Only the lines from the one that includes "काठमाडौँ । राष्ट्रपति" through the last line below belong in the reply, copied exactly and without pictures.

■ **Collected material**
BEGIN

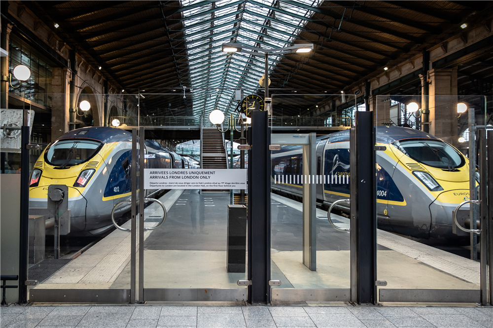 这是2020年12月21日在法国巴黎北站拍摄的欧洲之星列车。(图片来源:新华社)
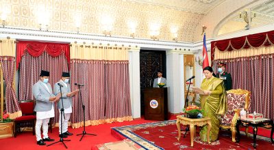 काठमाडौँ । राष्ट्रपति विद्यादेवी भण्डारीले दुई राजदूतलाई पद तथा गोपनीयताको शपथ गराउनुभएको छ । उहाँले आज राष्ट्रपतिको कार्यालयमा आयोजित एक
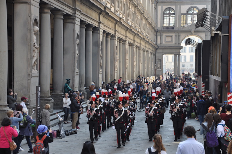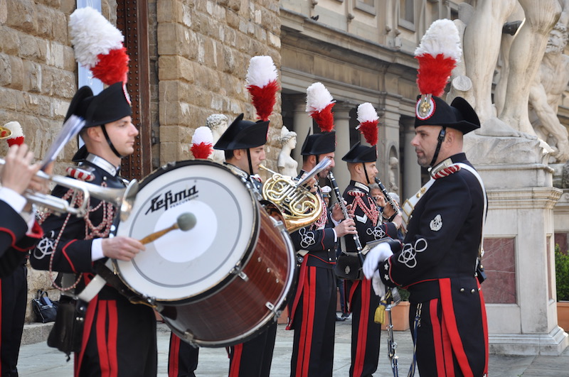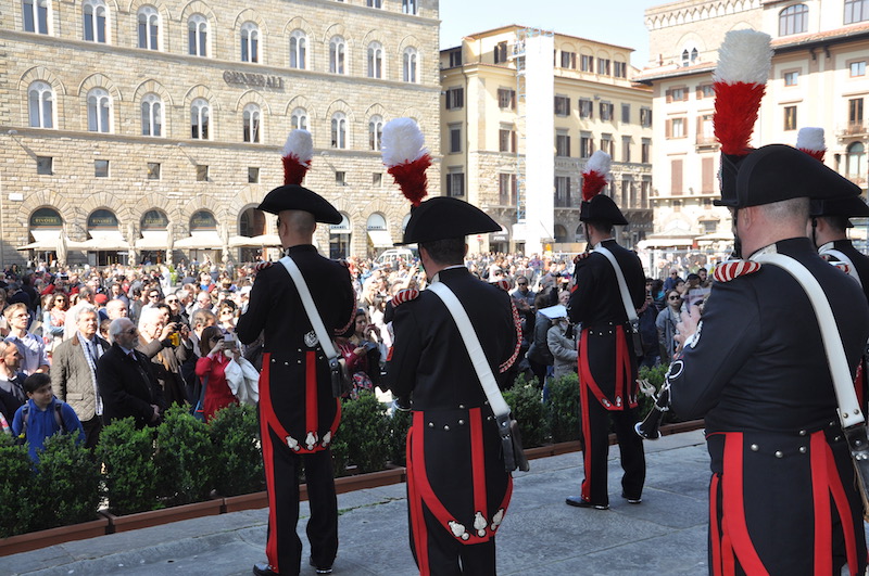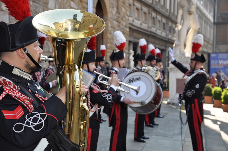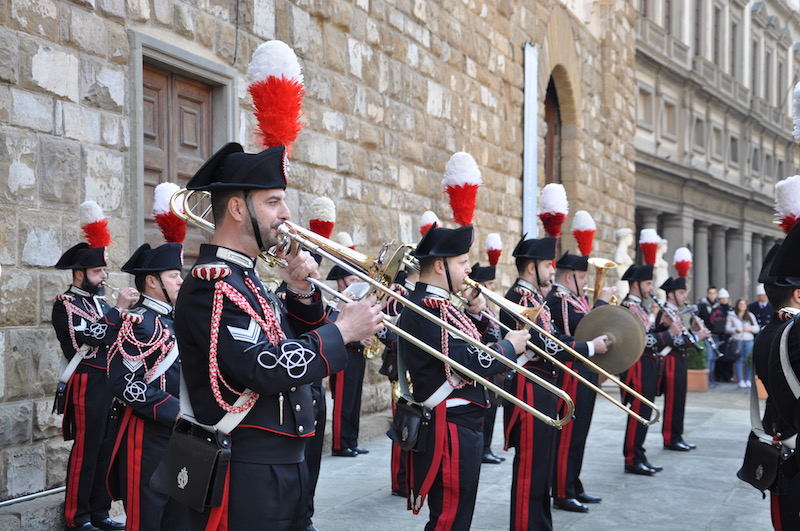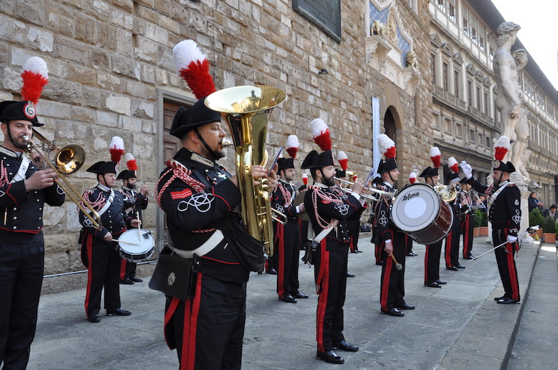 Applauditissima da fiorentini e turisti, al termine della manifestazione, l’esibizione della Fanfara della Scuola Marescialli dei Carabinieri sull’arengario di Palazzo Vecchio, diretta dal maresciallo maestro Ennio Robbio.

END

■ **Response to the exercise**
 काठमाडौँ । राष्ट्रपति विद्यादेवी भण्डारीले दुई राजदूतलाई पद तथा गोपनीयताको शपथ गराउनुभएको छ । उहाँले आज राष्ट्रपतिको कार्यालयमा आयोजित एक
 Applauditissima da fiorentini e turisti, al termine della manifestazione, l’esibizione della Fanfara della Scuola Marescialli dei Carabinieri sull’arengario di Palazzo Vecchio, diretta dal maresciallo maestro Ennio Robbio.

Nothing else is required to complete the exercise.